SEC rule is a good first step yet lacks specifics to reduce risk in mutual funds and ETFs.

FOR IMMEDIATE RELEASE

MEDIA CONTACT: Stefanie Spear, [email protected], 216-387-1609

BERKELEY, CA—MAY 25, 2022—The long-awaited U.S. Securities Exchange Commission (SEC) draft rule on fund naming was released today requiring companies to improve the accuracy of names and prospectus language of mutual funds and ETFs. Based on a request for information in March of 2020, the new rule will not update the flawed “80/20 rule” which for nearly two decades has been abused by fund managers leading to investors’ inability to differentiate environmental, social, and governance (ESG) risk in many funds due to misleading names.
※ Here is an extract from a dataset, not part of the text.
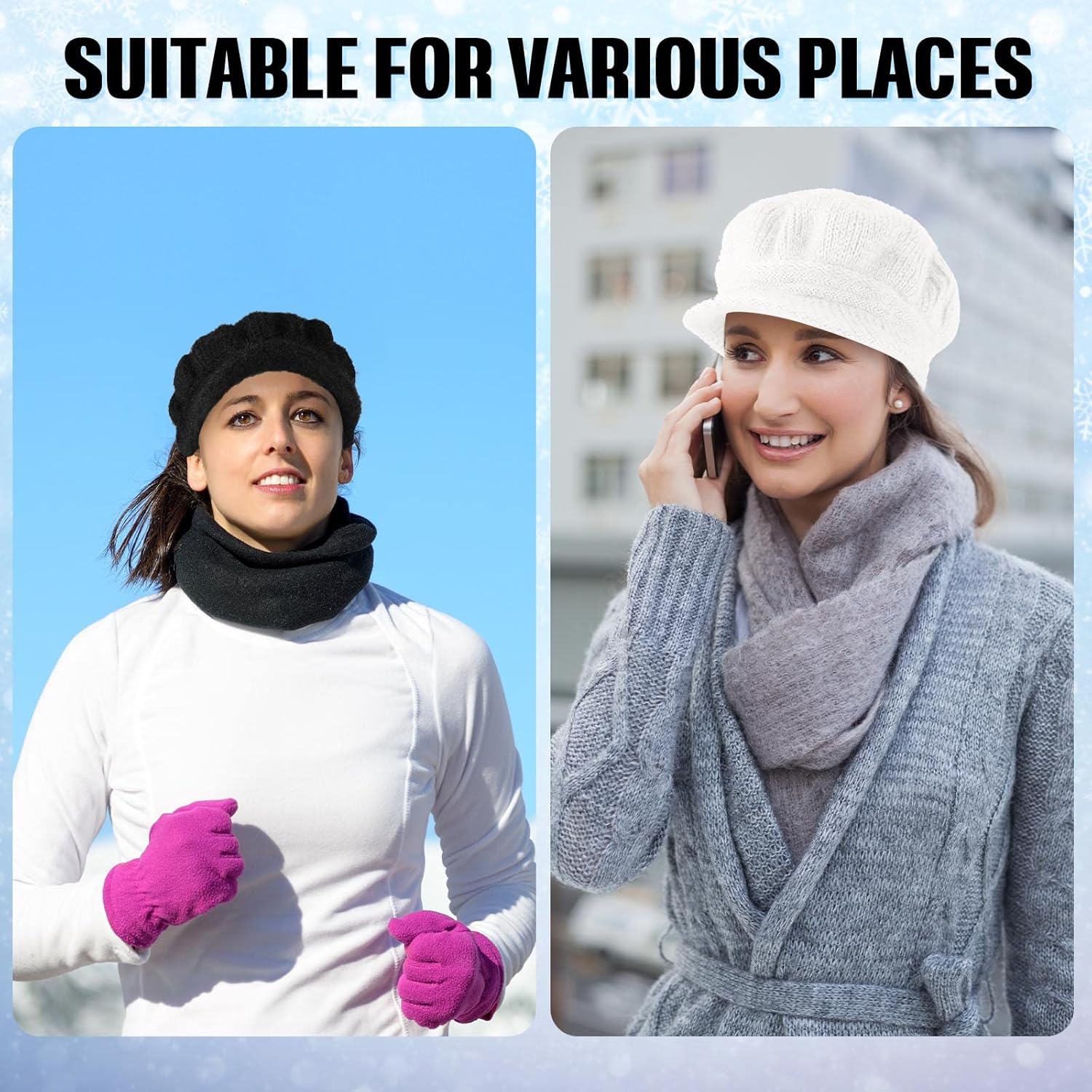 Mepase 3 Pieces Women Warm Hat for Winter Slouchy Beanie Cap with Visor Knitted Newsboy Hats for Women Ski Snow

The new rule will improve prospectus language disclosures including ESG factors, climate risk, proxy voting, and provide machine-readable data. The framework for ESG disclosures will improve investors' ability to evaluate asset managers and the creation of  “integration” and “focused” fund categories will help investment selection. The rules aim to assure that stated investing philosophies are reflected in the fundamental fund characteristics, risks, and methods of analysis. It does not require greenhouse gas emission disclosures at this time and commissioners asked for comments to advise on this.

“Right now ESG investing in mutual funds and ETFs is the Wild West due to the voluntary nature of ESG-related disclosures, absence of widely accepted terminology, and limited to no enforcement,” said As You Sow CEO Andrew Behar. “The proposed rules acknowledge the problem and are a good first step in stopping funds with ‘ESG’ in their names from continuing to hold dozens of fossil fuel companies and coal-fired utilities. However, the new rule continues to use the flawed 80/20 framework. On the plus side, fund managers will be required to define ESG in the prospectus, how they vote proxies, and use a very simple set of standardized definitions and categories. While a good first step, investors were hoping for a new structure to close loopholes and eliminate confusion and misleading marketing.”
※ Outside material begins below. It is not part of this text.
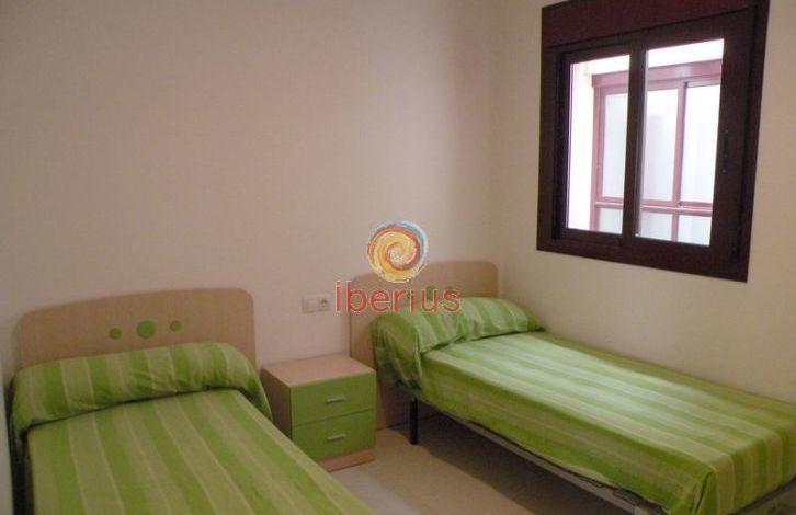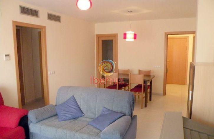 Планировка: прихожая, гостиная-столовая с выходом на террасу (6 кв. м), отдельная кухня, 2 спальни, ванная комната. Внешняя территория: общая озелененная территория и бассейн. Дополнительно: мебель, кондиционеры холод/тепло.

The new rules did not follow recommendations made in the As You Sow January report “Identify ‘Greenwashing’ Funds Using NLP Firms’ Prospectuses,” written in collaboration with graduate students at the Rady School of Management at the University of California, San Diego. The study showed that of 90 mutual funds and ETFs with ESG in their names, 60 scored a “D” or “F” on As You Sow’s Invest Your Values ESG rating platform which in 2021 was named by Kiplinger as the “#1 tool for sustainable investors.” The new rule will allow this loophole to continue.

The current 80/20 rule was developed so that funds would be required to hold 80% of what is implied or stated in their name. This was developed so that, for example, a large-cap equity fund would be 80% large-cap equities and 20% cash. Fund managers abused this rule and created, for example, “fossil fuel reserves-free” funds with investments in dozens of fossil fuel companies that were under the 20% limit. This violated the spirit of the rule and will continue under the new rule. Naïve investors will still invest in “low-carbon” funds like Blackrock’s Low Carbon Transition Fund (LCTU), which has 33 fossil fuel companies representing 7.53% of holdings.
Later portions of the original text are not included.